Cela a duré longtemps.
La peur a duré longtemps.
Et, plus longtemps encore, cela qui se tient dans l’au-delà de la peur et dont la peur se nourrit et engraisse et grossit et s’affaisse, dura.
Or, sache, je devins le Roi de ma peur.
Or, encore, sache : je devins le suzerain incontesté du royaume de ma peur. Dans l’odeur immense du cadavre d’âne, sous le dais de cette puanteur où les mouches forment grelots et franges sombres tintinnabulantes, je tiens cour. A mes pieds passe le cortège de la nuit, passent ses fifres, ses buccins, passent ses esclaves musiciens liant aux arbres torturés l’aile des lyres éoliennes, passent ses pages et ses aides de camp, et ses armées passent, et ses écoles de prêtrise avec ses écoles de traîtrises, passent ses formes et ses forces, passent ses monstres et ses masques – et je tiens cour. Jalousement, et dans l’irritation et l’arbitraire, je tiens cour et mon règne n’est par nul discuté, mon règne jaloux et méchant, mon règne de tortures et de crabes, mon règne immémorial sur le trône de la nuit.
Chaque jour, et chaque nuit : dans le cœur même du jour, je tiens cour et le jour se soumet à moi, son genou dans la poussière et mon pied sur sa nuque, avec le bruit de ma peur et celui de la source pour chambellans opinant de la tête à la soumission et de la soumission prenant inscription sur le grand livre des annales de mon règne.
Parfois, il pleut : mais la pluie encore a part à mon règne.

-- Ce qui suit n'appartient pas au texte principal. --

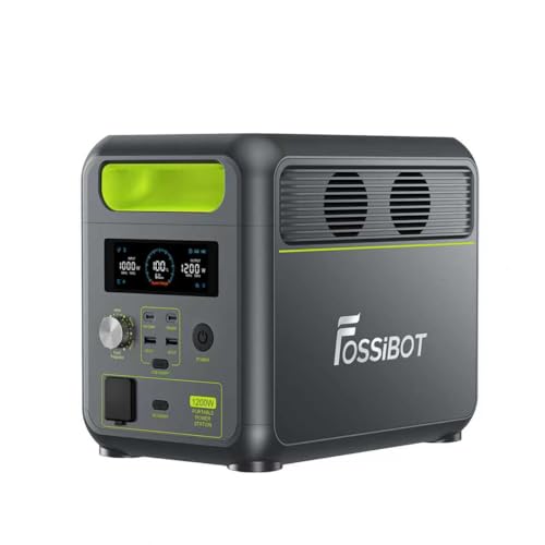 FOSSiBOT F1200は、大容量1024Wh、AC1200W高出力のポータブル電源。瞬間最大2400W、UPS機能搭載で、8台同時充電可能。軽量・コンパクトでキャンプや非常時に最適。15年の長寿命、7年保証。

La pluie d’ici, elle est colère épouvantable. Elle établit la nuit dans le cœur du jour et elle y imprime ses talons. Elle saisit le jour, elle le piétine, elle le foule et le pétrit et elle en tire le jus mauve de la nuit noire. Sous la pluie, sous son poids, ce qui est n’est que sa peur dans l’odeur écœurée de la sueur, et les grands arbres crient, les herbes crient dans le hurlement du silence outré.
La pluie, ici, elle ne lave rien : elle arrache.

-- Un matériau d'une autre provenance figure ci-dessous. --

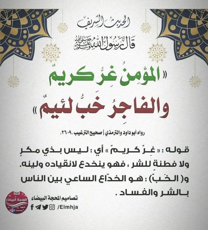 تەرجىمىسى: «مۇئمىن – كۆڭلى تۈز، ساددا (باشقىلارغا ئاسان ئىشىنىدىغان) ۋە كەرەملىك (مەرد) بولىدۇ؛ پاسىق (مۇناپىق) بولسا – ھىلىگەر، مەككار ۋە پەسكەش بولىدۇ.»

La pluie, ici, elle ne lave rien : elle extirpe et éviscère et elle éventre.
Puis elle secoue son mufle et elle hennit. Sur toutes choses, elle fait passer le vent fou de son hennissement. Et j’ai vu les arbres hurler sous la pluie, et les herbes hurler, et les roches avec les hôtes des arbres, des herbes et des roches, et ceux du ciel également, les intimes du soleil et du vent : la même peur, la même horreur venue de la nuit, venue des dangers de la nuit, des yeux écarquillés qui guettent la moindre faiblesse, le premier faux-pas – le même arrachement hurlant.
Je suis Roi : la pluie a couleur de ma peur, elle est ivre autant que la nuit, et brillante plus que le soleil, et mauvaise plus qu’un fauve mauvais, et ouverte également, plus que toute gueule ouverte prête à mordre dans la crampe et la crispation des muscles tendus.
Chaque nuit, mon royaume s’étendait. Il gonflait, il enflait et se tendait comme une hydropisie. Chaque nuit – et que sais-tu, toi, de l’étendue et de son extension, toi qui ne connais que la façon dont s’étendent, dans la capitale, les ombres sur les rues aux arbres faux, et dans les chambres aux cœurs faux et aux draps blancs ? et la façon encore dont tu étends ta vie entre le mât du juste et l’autre mât de l’injustice où elle bave et rit et craque ainsi qu’une lessive carrée dans sa propreté et sa propriété ? – mille nouveaux sujets me prêtaient allégeance, et, de provinces, mille, et de contrées et de fleuves et de saisons, mille et mille et mille fois, et de collines, et de vergers, et de champs de bataille, de grèves de gravier et d’autres de galets, mille fois plus encore, et de déserts, et de charniers : mille, dans leur nouveauté et leur étendue, dans leur soumission et leur adhésion et leur assimilation. Comme tapis déployés d’un geste de l’épaule avec celui de la main qui l’accompagne et vois ! le bleu ici avec le vert lié, et le presque rose au rebord du presque or, et cette forme complexe ici achevée en plusieurs formes simples de dessin simple, avec le rouge aussi, et l’autre bleu plus bleu que bleu, et le pourtour est de frange ou de galon. Comme –
Chaque nuit, mille sujets nouveaux : mille ronces, mille dragons, mille peurs enfantant des peurs.